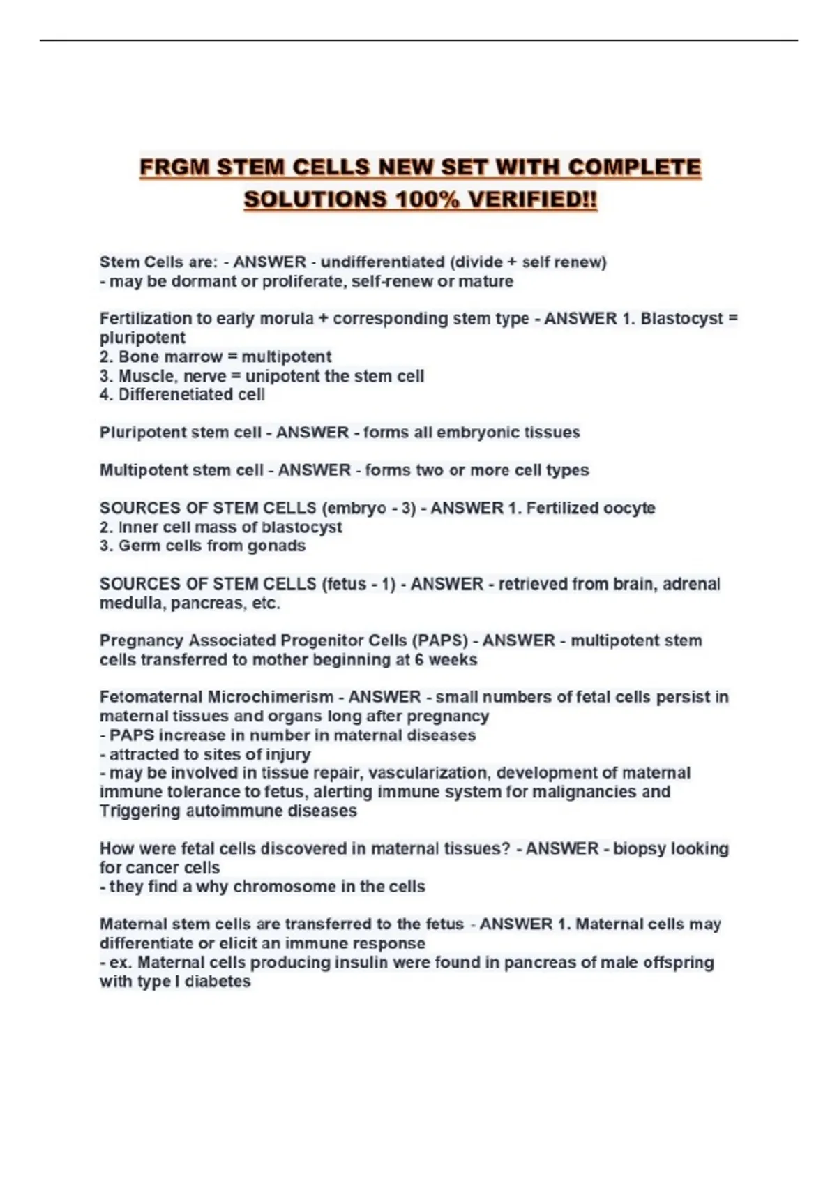 FRGM STEM CELLS NEW SET WITH COMPLETE SOLUTIONS 100% VERIFIED!!...
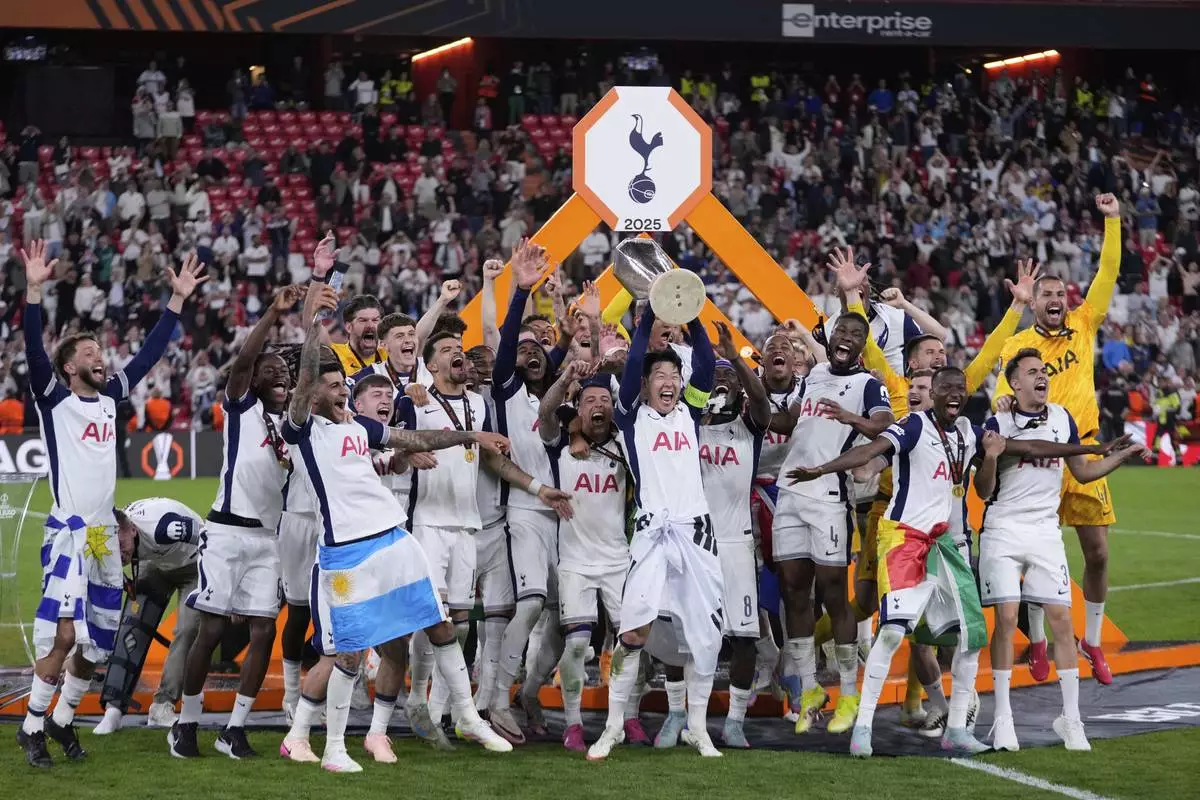 Tottenham's Son Heung-min holds the trophy aloft as he celebrates with teammates after winning the Europa League final soccer match against Manchester United at the San Mames Stadium in Bilbao, Spain, Wednesday, May 21, 2025. (AP Photo/Manu Fernandez)
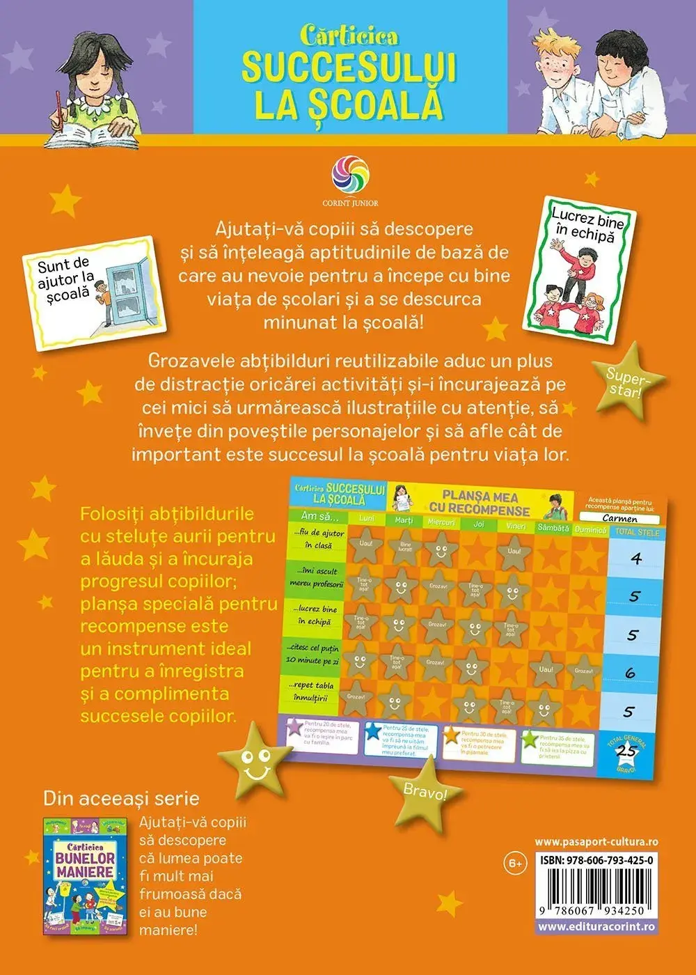 Ajutati-va copiii sa descopere si sa inteleaga aptitudinile de baza de care au nevoie pentru a incepe cu bine viata de scolari si a se descurca minunat la scoala! Grozavele abtibilduri reutilizabile aduc un plus de distractie oricarei activitati si-i incurajeaza pe cei mici sa urmareasca ilustratiile cu atentie, sa invete din povestile personajelor si sa afle cat de important este succesul la scoala pentru viata lor. Folositi abtibildurile cu stelute aurii pentru a lauda si a incuraja progresul copiilor; plansa speciala pentru recompense este un instrument ideal pentru a inregistra si a complimenta succesele copiilor. AUTOR: SOPHIE GILESTIP COPERTA: FLEXICOVERISBN: 9786067934250FORMAT: 16.5 x 23 cmEDITURA: CORINTAN APARITIE: 2018NUMAR PAGINI: 37
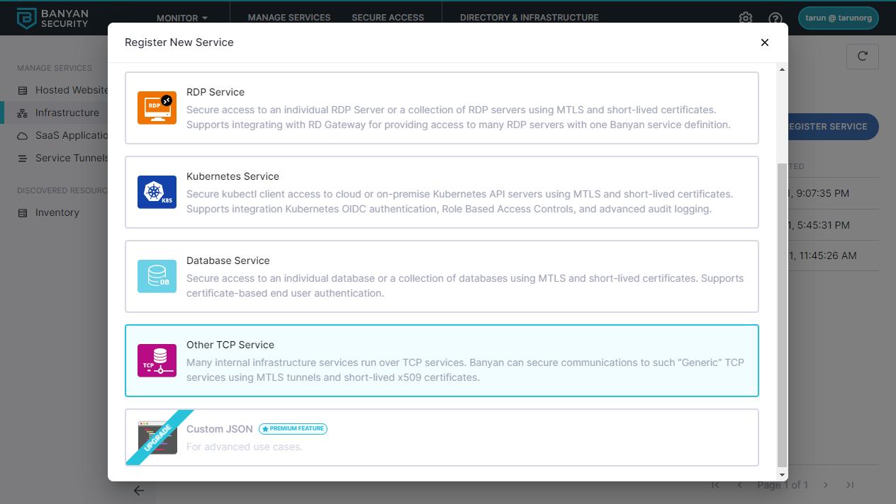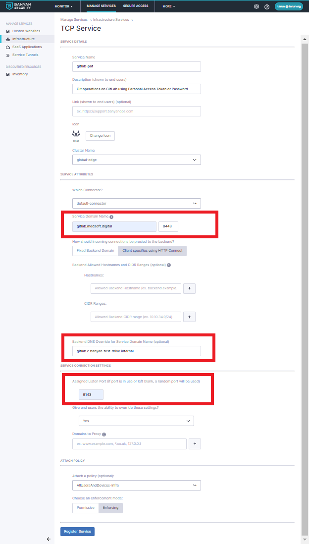 3.1 Register an Generic TCP service for GitLab. Navigate to Manage Services > Infrastructure > Register New Service.

Task goal >> Repeat, with no pictures, each line from the beginning of the data through the line containing "Tottenham's Son Heung-min", inclusive.

Finished task >>
 FRGM STEM CELLS NEW SET WITH COMPLETE SOLUTIONS 100% VERIFIED!!...
 Tottenham's Son Heung-min holds the trophy aloft as he celebrates with teammates after winning the Europa League final soccer match against Manchester United at the San Mames Stadium in Bilbao, Spain, Wednesday, May 21, 2025. (AP Photo/Manu Fernandez)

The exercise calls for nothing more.